So I’ve now been predicting the weather for a week, and well all I can say is. I’m pretty damn good at it.
I wrote a script to go back in the database, and using the same logic as my current predicting script. It looks at data that would have been available to the system then, and puts a prediction in the database. This was marked as retrospective (although in theory it doesn’t matter).
Here is some output of my results at the time of writing
Using all data in the database, and all predictions (even those retrospective) gives
323 predictions, of which 279 have been correct, and 44 have been incorrect
Giving a total accuracy of 86.4%
If we exclude retrospectively calculated figures, we have a much lower number of predictions, but a higher rate of accuracy.

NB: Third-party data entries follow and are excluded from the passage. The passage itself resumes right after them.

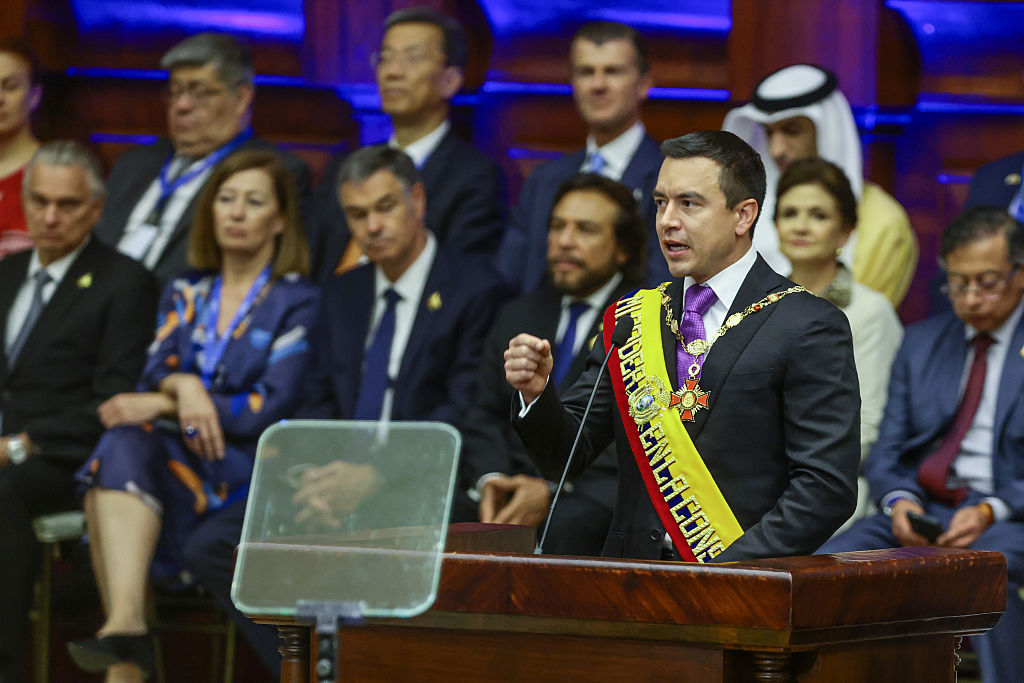 | Image title: QUITO, ECUADOR - MAY 24: President of Ecuador Daniel Noboa gives a speech during the presidential inauguration at National Assembly building on May 24, 2025 in Quito, Ecuador. Noboa inaugurates his first complete 4-year term after serving 17 months in office due to President Guillermo Lasso "cross death" call to dissolve parliament and early elections. (Photo by Franklin Jacome/Getty Images) |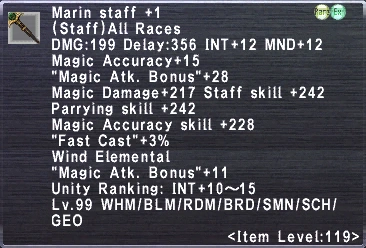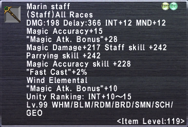 DMG: 198 Delay: 366 INT +12 MND +12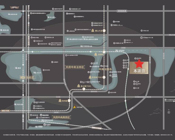 🔹三横三纵交通网路 上承高新下启总部商务区三横:麓山大道、沈阳路、武汉路三纵:利州大道、蓉遵高速、夔州大道北承高新区、南接天府新区CBD、东连东部新城的黄金比例区位立体式交通路网,东连成自泸高速,西接红星路南延线/天府大道,北临五环-麓山大道,陆路交通四通八达。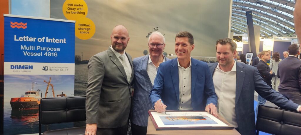 Dutch shipbuilding major Damen Shipyards Group and compatriot tug and workboat company Herman Sr. have just signed a letter of intent (LOI) for the construction of a new methanol-ready diesel-electric multipurpose vessel (MPV) 4916.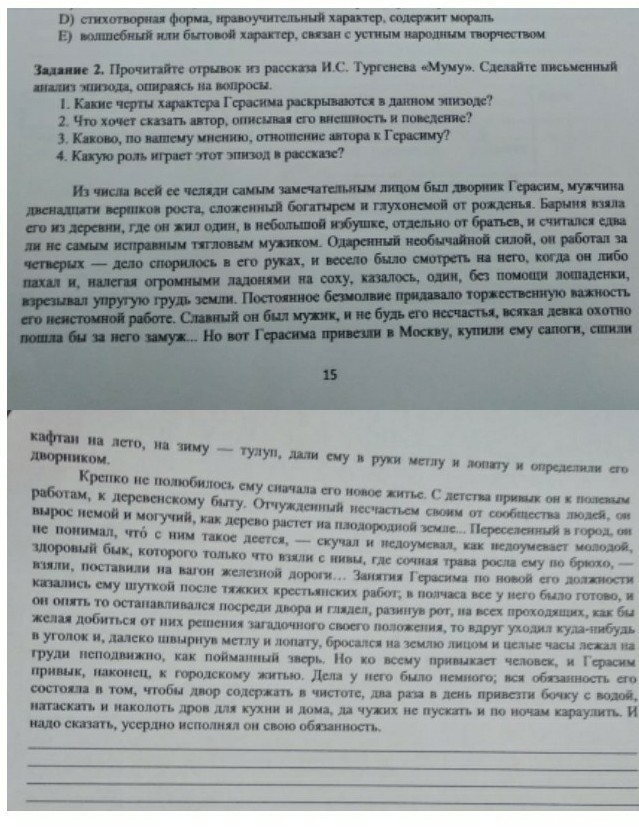 2) По моему мнению автор хочет показать насколько Герасим чужд городу. Его огромный рост, широкие плечи совершенно не вписываются в картину городской жизни, узких улиц, крохотных комнат.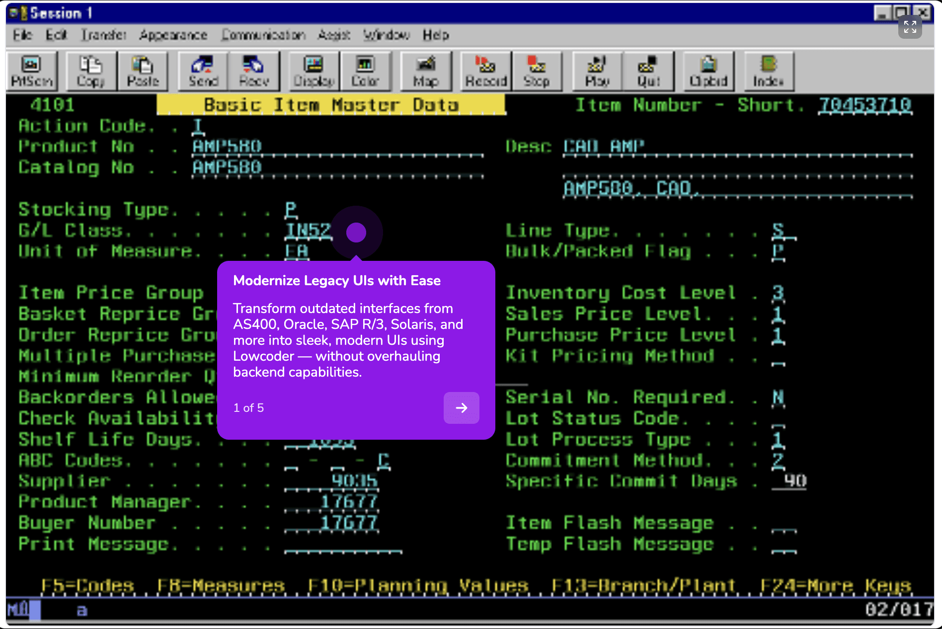 Seamlessly modernize the UI of legacy IT systems like AS400, DB2, Solaris, and other industry mainframes, bringing them into the digital age with ease.
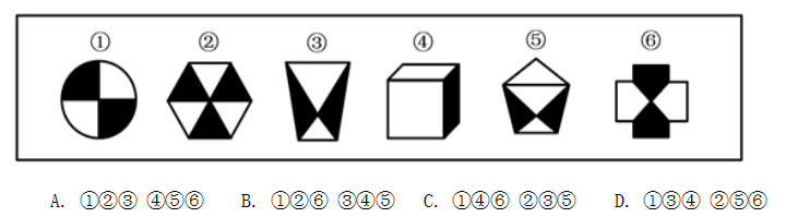 【答案】B。中公解析1:本题每幅图中都由黑白两部分组成,观察发现图①②⑥中白色部分和黑色部分的面积都是相同的,而图③④⑤中白色部分的面积都大于黑色部分的面积,故图①②⑥为一组,图③④⑤为一组。故正确答案为B。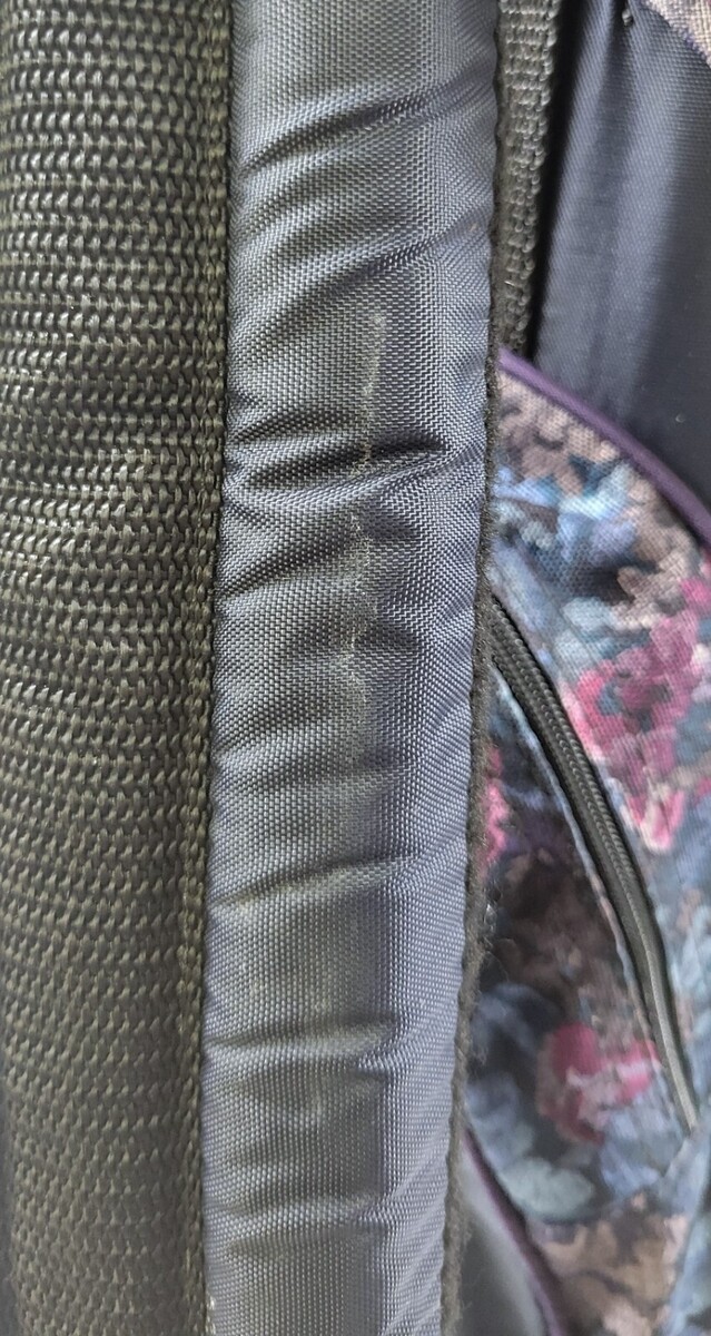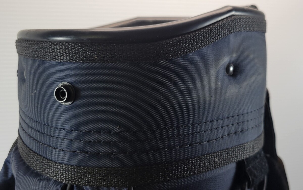 Bag is in used condition with some signs of use and wear including scuffs, marks, stains, and rust to the shoulder strap hardware, but in overall good condition with life left to it. There is a slight tear in the mesh pocket pouch.
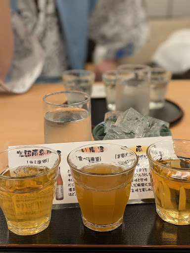 Read more勝浦温泉に素泊まりし、ここを夕食に予約。 21時の予約でしたが、お席が空きましたと20時位にお電話頂きました。で、2時間程滞在。以下注文した商品 ○梅酒三種飲み比べ それぞれの特徴が顕著で楽しめる 見た目めオシャレ ○じゃばら酒 強すぎない酸味が最高 ○お通し お通しのレベルではない、和食懐石の様 ○お刺身盛り合わせ 15種類近くの新鮮で厚切りの赤身、白身は皮を少し塩で味付けし炙ってあり香ばしい。ただ切っただけではなく店主のこだわりを感じる。盛り合わせの写真に魚名をわざわざ書いてくれお土産に頂きました ○まぐろのカマ 香ばしく焼いてあり食べ応え抜群のサイズとマグロたっぷりの身。焦げてるところも香ばしくアクセントになっている。まぐろのレアカツに付いているおろしポン酢をつけて食べるともっと美味しいと店員さんに教えてもらい一口。最高… ○まぐろのレアカツ 外カリカリ、中柔らかしっとり、おろしポン酢に付けて食べるがおろしポン酢だけでも美味い ○ポテトサラダ いぶりがっこ入りで普通のポテサラではない。目の前でポテサラを桜チップでスモークしてくれる。立ち昇る煙もまたうまい。モクモクして場が盛り上がる。 ○まぐろ茶漬け まぐろの出汁が効いてシメにぴったり。マグロは火を通してあるが硬くなく柔らかく最高
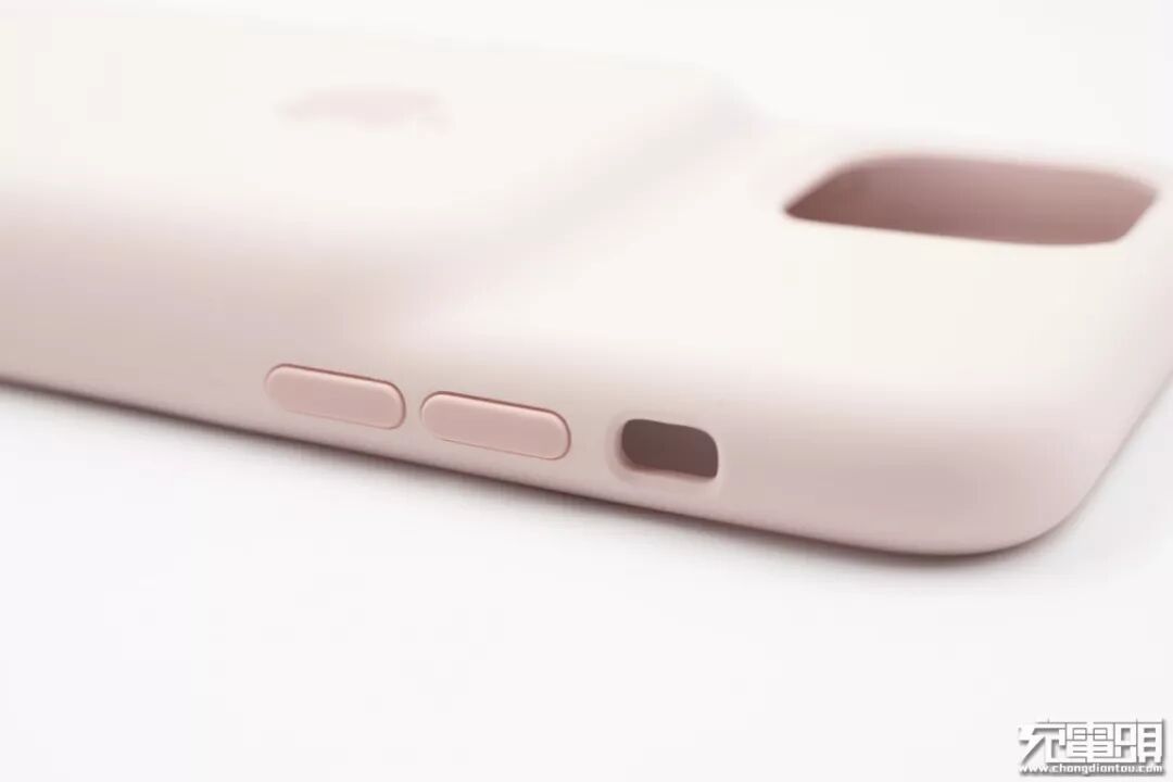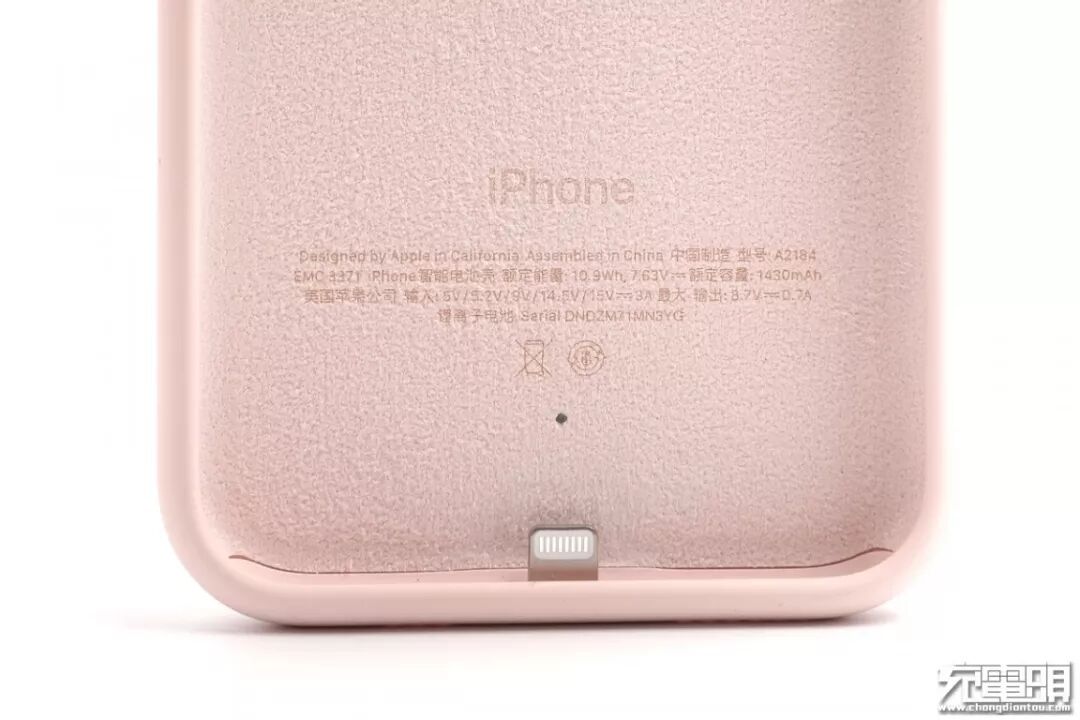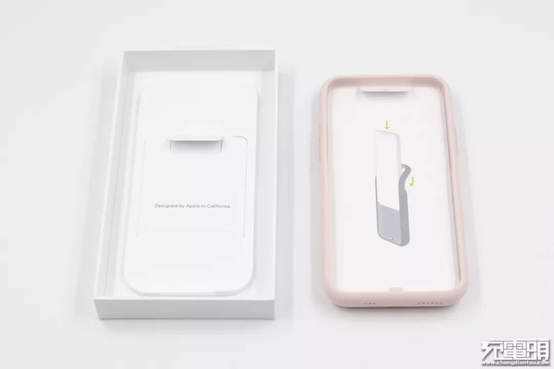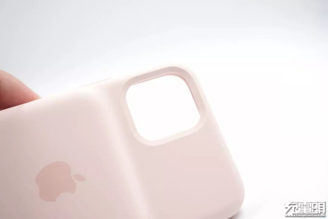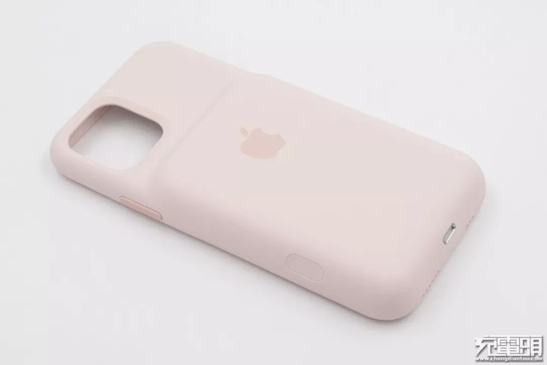 接下来我们就来看看今天的主角,iPhone 11 Pro Smart Battery Case ,整体以粉色呈现出来,上面摄像头的开孔部分,下面大块突出部分就是电池所在处,上面印制着苹果经典的Logo。

10 predictions, of which 9 have been correct, and 1 have been incorrect
Giving a total accuracy of 90%
So I was trying to work out why the drop in accuracy, when including the retrospective calculations.
The answer is simple, in that in the early days, the database wasn’t very accurate. So, if we exclude the first 100 rows. As at this time, the database was ‘learning’. Then we get (at the time of writing) as below:
225 predictions, of which 206 have been correct, and 19 have been incorrect
Giving a total accuracy of 91.6%
Note: The eagle-eyed among you, will have noticed, that the first result shows 323 predictions, and the final (as it is working now) gives 225, and I said I had excluded the first 100 rows. But that’s only 98. Well the database doesn’t start until ID=3. As it couldn’t predict when there were only 1 or 2 entries. And I actually restricted it by doing ID>100. So it’s actually the first 98 as rows I’m ignoring as 1 and 2 don’t exist!